We welcome anyone to reproduce our results. Here are some tips and observations:

- Use CLS Pooling (not mean) and Inner Product (not cosine).
- There *may be* minor differences in the numbers when reproducing, for instance BGE-M3 reports a nDCG@10 of 59.3 for MIRACL hindi and we Observed only 58.9.

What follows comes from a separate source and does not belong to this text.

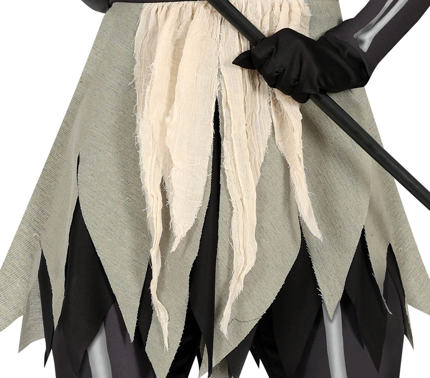 - CONTENIDO DEL DISFRAZ de esqueleto la muerte: vestido con capucha, pantalón. NO_INCLUIDO: guadaña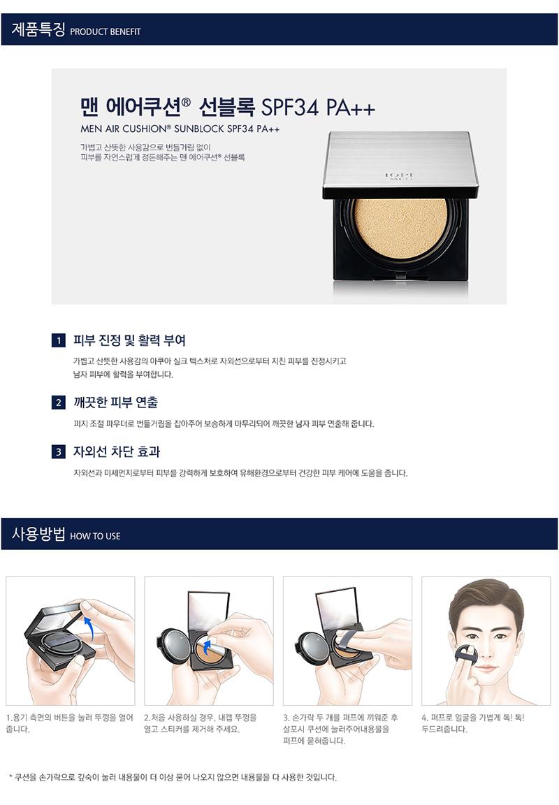 Men's air cushion sunblock that creates natural skin texture with light and fresh feelings

Here are our numbers for the full hindi run on BGE-M3

```python
{'NDCG@1': 0.49714, 'NDCG@3': 0.5115, 'NDCG@5': 0.53908, 'NDCG@10': 0.58936, 'NDCG@100': 0.6457, 'NDCG@1000': 0.65336}
{'MAP@1': 0.28845, 'MAP@3': 0.42424, 'MAP@5': 0.46455, 'MAP@10': 0.49955, 'MAP@100': 0.51886, 'MAP@1000': 0.51933}
{'Recall@10': 0.73032, 'Recall@50': 0.8987, 'Recall@100': 0.93974, 'Recall@200': 0.95763, 'Recall@500': 0.97813, 'Recall@1000': 0.9902}
{'P@1': 0.49714, 'P@3': 0.33048, 'P@5': 0.24629, 'P@10': 0.15543, 'P@100': 0.0202, 'P@1000': 0.00212}
{'MRR@10': 0.60893, 'MRR@100': 0.615, 'MRR@1000': 0.6151}
```

Fair warning BGE-M3 is $ expensive to evaluate, probably* that's why it's not part of any of the retrieval slice of MTEB benchmarks.


# Reference:
- [All Cohere numbers are copied form here](https://huggingface.co/datasets/Cohere/miracl-en-queries-22-12)
- [BGE M3-Embedding: Multi-Lingual, Multi-Functionality,
Multi-Granularity Text Embeddings Through Self-Knowledge Distillation](https://arxiv.org/pdf/2402.03216.pdf)
- [Making a MIRACL: Multilingual Information Retrieval
Across a Continuum of Languages](https://arxiv.org/pdf/2210.09984.pdf)
- [IndicIRSuite: Multilingual Dataset and Neural
Information Models for Indian Languages](https://arxiv.org/pdf/2312.09508)



# Note on model bias:
- Like any model this model might carry inherent biases from the base models and the datasets it was pretrained and finetuned on. Please use responsibly.